The paper is organized as follows. We formally state the problem in Sect. 2. Section 3 describes PCTs and gives a theoretical analysis of the generalized tree search algorithm. In Sect. 4, we prove the regret bound for 0/1 loss. Section 5 compares PCTs with other label tree approaches, particularly with conditional probability and filter trees. Section 6 discusses the use of PCTs for predicting top-k labels and its extension to multi-label classification. Section 7 presents experimental results, prior to concluding the paper in Sect. 8.

2 Problem Statement

We formalize our problem in the setting of multi-class classification. Let \((\varvec{x}, y)\) be an example coming from a probability distribution \(P(\varvec{X}= \varvec{x}, Y = y)\) (later denoted \(P(\varvec{x}, y)\)) on \(\mathcal {X} \times \mathcal {Y}\), where \(\varvec{x}\in \mathcal {X}= \mathbb {R}^d\) and \(y \in \mathcal {Y}= \{1, \ldots , m\}\). A classifier h predicts a label \(\hat{y} = h(\varvec{x}) \in \mathcal {Y}\) for each \(\varvec{x}\in \mathcal {X}\). The prediction accuracy of h can be measured in terms of 0/1 loss:Footnote 1

$$ \ell _{0/1}(y,h(\varvec{x})) = [\![y \ne h(\varvec{x}) ]\!] $$

We are interested in minimizing the expected loss, also referred to as the risk:

$$ L_{\mathrm {0/1}}(h) = \mathbb {E}_{(\varvec{x},y) \sim P} \left[ \ell _{\mathrm {0/1}}(y,h(\varvec{x})) \right] = \int _{\mathcal {X} \times \mathcal {Y}} [\![y \ne h(\varvec{x}) ]\!] \, dP(\varvec{x}, y) $$

The Bayes classifier

$$ h^* = \mathop {{{\mathrm{\arg \min }}}}_{h} L_{\mathrm {0/1}}(h) $$

minimizes the risk among all possible classifiers. While \(h^*\) may not be unique in general, the risk of \(h^*\), denoted \(L^*_{0/1}\), is unique, and is called the Bayes risk. Decomposing the risk over classes, i.e., writing \(L_{\mathrm {0/1}}(h)\) in the form

$$ L_{\mathrm {0/1}}(h) = \int _{\mathcal {X}} \bigg ( \underbrace{\sum _{y \in \mathcal {Y}} [\![y \ne h(\varvec{x}) ]\!] P(y|\varvec{x})}_{=1-P(h(\varvec{x})|\varvec{x})} \bigg ) d P(\varvec{x})\,, $$

reveals that \(h^*\) minimizes risk in a pointwise manner, i.e., for every \(\varvec{x}\),

$$ h^*(\varvec{x}) =\mathop {{{\mathrm{\arg \min }}}}_{y \in \mathcal {Y}} \left\{ 1-P(y|\varvec{x})\right\} =\mathop {{{\mathrm{\arg \max }}}}_{y \in \mathcal {Y}} P(y \, | \,\varvec{x}) \,. $$

Given a classifier h, the regret of h is defined as

$$\begin{aligned} \mathrm {reg}_{0/1}(h) ~=~ L_{0/1}(h) - L_{0/1}^* ~=~ \int _{\mathcal {X}} \Big (P(h^*(\varvec{x})|\varvec{x}) - P(h(\varvec{x})|\varvec{x}) \Big ) d P(\varvec{x}) \,. \end{aligned}$$
(1)

The regret quantifies the suboptimality of h compared to the optimal classifier \(h^*\). The goal is to train a classifier h with a small regret, ideally equal to zero.

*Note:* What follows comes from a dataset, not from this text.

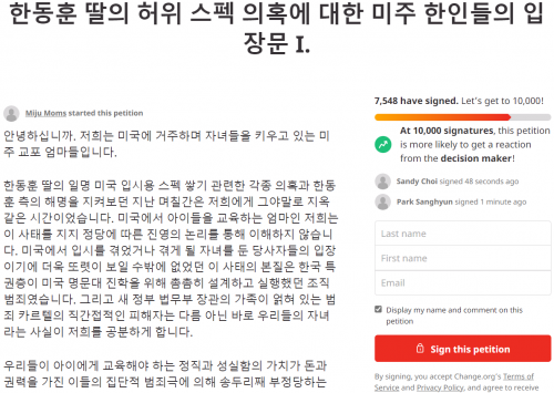 박 원장도 “결국 부모의 재력과 인맥 등으로 학문적 윤리가 무시된 스펙을 만들었고, 이것이 미국 명문대 입학에 아무 걸림돌이 되지 않는다는 게 드러났다”며 “학원 일을 업으로 삼는 제게도 참 씁쓸한 모습”이라고 밝혔다.

In the following, we assume h to be represented as a label tree classifier. To this end, we encode the labels \(\{1, \ldots , m\}\) using a prefix code. Any such code can be represented by a tree with 0/1 splits. Each path from the root to a leaf node then corresponds to a code word. Recall that codes of fixed length are also prefix codes. Figure 1 shows two examples of coding trees for multi-class classification with 4 classes. Under the coding, we represent each label y by a binary vector \(\varvec{y}= (y_1, \ldots , y_l)\), where l is the maximum length of the code. The set of all code words we denote by \(\mathcal {C}\). As another special case, consider the problem of multi-label (instead of multi-class) classification, where the goal is to predict the set of labels assigned to a given instance \(\varvec{x}\). Such a set can be represented by a binary vector \(\varvec{y}= (y_1, \ldots , y_m)\), which in turn can be used as a prefix code.

Fig. 1.
figure 1

Different binary codes in multi-class classification.

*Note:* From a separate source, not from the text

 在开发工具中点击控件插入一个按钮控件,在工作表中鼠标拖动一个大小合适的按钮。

In the label tree approach, we put a binary classifier in each non-leaf node of the tree. An internal node can be uniquely identified by the partial code word \(\varvec{y}^i = (y_1, \ldots , y_i)\). We denote the root node by \(\varvec{y}^0\), which is an empty vector (without any elements). The final prediction is determined by a sequence of decisions of internal classifiers. In the next section, we present a specific instance of the label tree approach that uses probabilistic classifiers in internal nodes of the tree.

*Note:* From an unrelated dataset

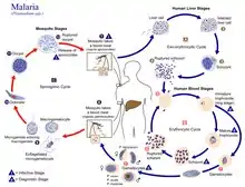 Like other Plasmodium parasites, P. knowlesi has a life cycle that requires it be passed back and forth between mammalian hosts and insect hosts. Primates are infected through the bite of an infected Anopheles mosquito which carries a parasite stage called the sporozoite in its salivary glands. Sporozoites follow the blood stream to the primate liver where they develop and replicate over five to six days before bursting, releasing thousands of daughter cells called merozoites into the blood (unlike the related P. vivax, P. knowlesi does not make latent hypnozoites in the liver).[1][2] The merozoites in the blood attach to and invade the primate's red blood cells. Inside the red blood cell, the parasite progresses through several morphologically distinguishable stages, called the ring stage, the trophozoite, and the schizont. The schizont-infected red blood cells eventually burst, releasing up to 16 new merozoites into the blood stream that infect new red blood cells and continue the cycle.[1][3] P. knowlesi completes this red blood cell cycle every 24 hours, making it uniquely rapid among primate-infecting Plasmodium species (which generally take 48 or 72 hours).[2] Occasionally, parasites that invade red blood cells instead enter a sexual cycle, developing over approximately 48 hours into distinct sexual forms called microgametocytes or macrogametocytes.[1][3] These gametocytes remain in the blood to be ingested by mosquitoes.[1][3]

3 Probabilistic Classifier Trees

Probabilistic classifier trees (PCTs) are designed to estimate probabilities \(P(y\, | \,\varvec{x}) \) by following a path from the root to a leaf node, which corresponds to a code word \(\varvec{y}= (y_1, \ldots , y_l)\) assigned to label \(y \in \mathcal {Y}\). Recalling the chain rule of probability, the process corresponds to computing

$$\begin{aligned} P(y \, | \,\varvec{x}) = P(\varvec{y}\, | \,\varvec{x}) = \prod _{i=1}^l P(y_i | {\varvec{y}}^{i-1}, \varvec{x}) \,, \end{aligned}$$
(2)

where \(P(y_i | {\varvec{y}}^{i-1}, \varvec{x})\) are probabilities of \(y_i \in \{0,1\}\), estimated in non-leaf nodes \(\varvec{y}^{i-1}\). In the next two subsections, training and inference (classification of new examples) for PCT will be discussed in more detail.

3.1 Training

Training of PCT naturally decomposes into learning problems over non-leaf nodes of the tree. In each node \(\varvec{y}^{i-1}\), the task is to train a probabilistic classifier (e.g., logistic regression) to estimate \(P(y_i | {\varvec{y}}^{i-1}, \varvec{x})\).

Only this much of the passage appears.